出演:五耀會(西川箕乃助、花柳寿楽、花柳基、藤間蘭黄、山村友五郎)

 日本舞踊界の脂の乗った中堅どころが流派を超えて結成した五耀會が、昨年の第1回公演に続き、初心者を対象として開催した第2回公演。今回は山村若が友五郎を襲名したこともあり、友五郎以外の4人で義太夫「寿式三番叟」、友五郎の地歌 「神楽初」、後半は「セビリャの理髪師」 の筋書きをもとに蘭黄が作った創作長唄 「徒用心」という、サービス満点の公演。

 ここ数年、文化庁芸術祭の仕事を拝命しているので、門外漢だと言い訳をしながらも毎秋数本の日本舞踊の公演を見せてもらう。

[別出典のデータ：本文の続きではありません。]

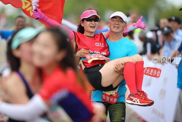 乳山的时尚,体现在赛事组织者人性化的设计中,比如穿着运动Bra的丽人和18只cosplay领跑男兔共舞,比如每个女性选手在冲过终点由帅哥男士献的鲜花中;
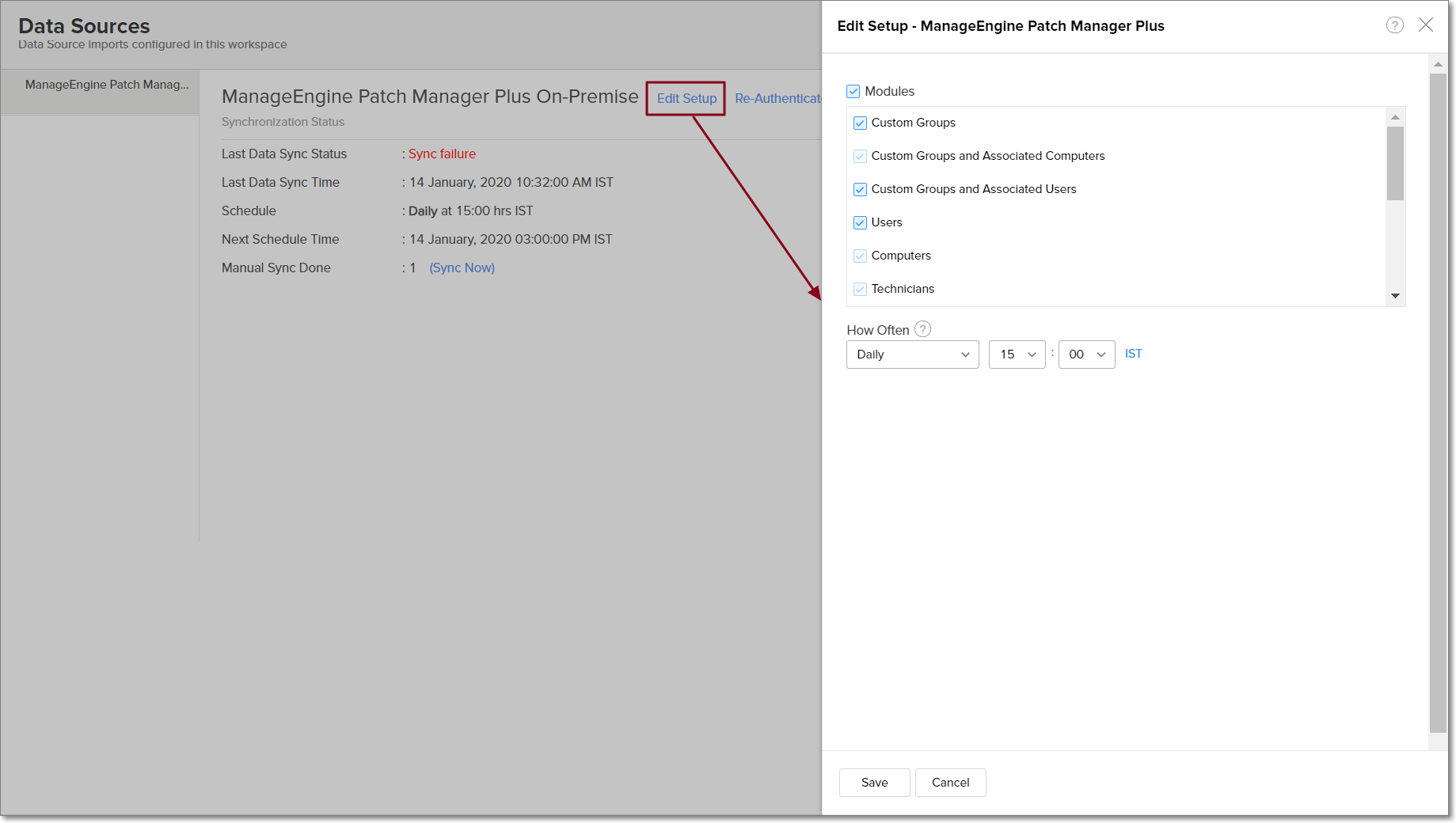 To edit the connection and synchronization settings, select Data Sources -> Patch Manager Plus from the side panel.

それの役に立つかと思って、NHKの「にっぽんの芸能」なども見て、日本舞踊の現在のレベルを一応把握しておこうと努めてはいる。華やかかどうかということは感じ取れるし、巧拙も玄人の見方はわからないとはいえ、ピンとしてるとか、滑らかだとかいうようなことぐらいはわかるように思っている。率直に言うと、同じ演目をやっても、歌舞伎役者と日本舞踊のお師匠さんでは向きが違っているように思う。日本舞踊においては、まず流派の流儀義、型の伝承ということが主眼となるようで、歌舞伎役者においては、自分の持ち味によって観客に見せることが眼目となるだろう。ざっくばらんに言えば、お客さんに向かって開いているか、そうでないかということ。

 その意味で、「鑑賞対象としての「日本舞踊」」を強調する五耀會は、日本舞踊を初心者、一般の人が鑑賞することを前提とした公演を行なっている数少ない舞踊家たちの集まりだ。

 桂吉坊をナビゲーターに置いたり、山村友五郎が「神楽初」の前に幕前で作品について語ったりしたのはその試みの表れだし、何より「徒用心」という作品が、面白くてわかりやすく、一般の人にも理解しやすく楽しめることを目指して創られたものと言えるだろう。

Adayojin


 「徒用心」は、若い二人の恋路を邪魔する男の策略を軽い機転でかわすコミカルな部分で笑いを誘うのはもちろんだが、場面のメインの出演者以外の舞踊家が、背景や大道具の役割で枝になったり鳥になったりするのがユニークで面白く、またその所作のいちいちの美しさに改めて目を瞠った。原作の設定の置き換え、詞章の滑らかさ、キャラクター設定の巧みさなど、蘭黄自身がパンフレットに「洗練された馬鹿馬鹿しさ」と書いているように、コミカルで他愛もない筋書きを、日本舞踊の洗練された美しさで演じ踊り通すことの真剣な姿が、なおのこと美しく感じられた。特にトリックスター的な理髪師フィガロを髪結彦郎として演じた、花柳基の軽みのある達者な居ずまいがすばらしいと思えた。

 一般の人に広く親しんでもらおうとする時に、どうしても喜劇性を強調し、そのおかしさが舞台の上でのノリもあって増幅され、上品さから逸脱するかのぎりぎりで留まる呼吸がきわどくスリリングだ。このおかしさから、前半の三番叟や地歌をきっちりと楽しめるようになる通路を拓くことが、観客に求められているのだろうと思う。それができないことには、日本舞踊は内向きで完結する同好の士の集まりを出ず、衰退の一途を早めるばかりということになってしまう。コンテンポラリーダンスにとっても他人事ではないが。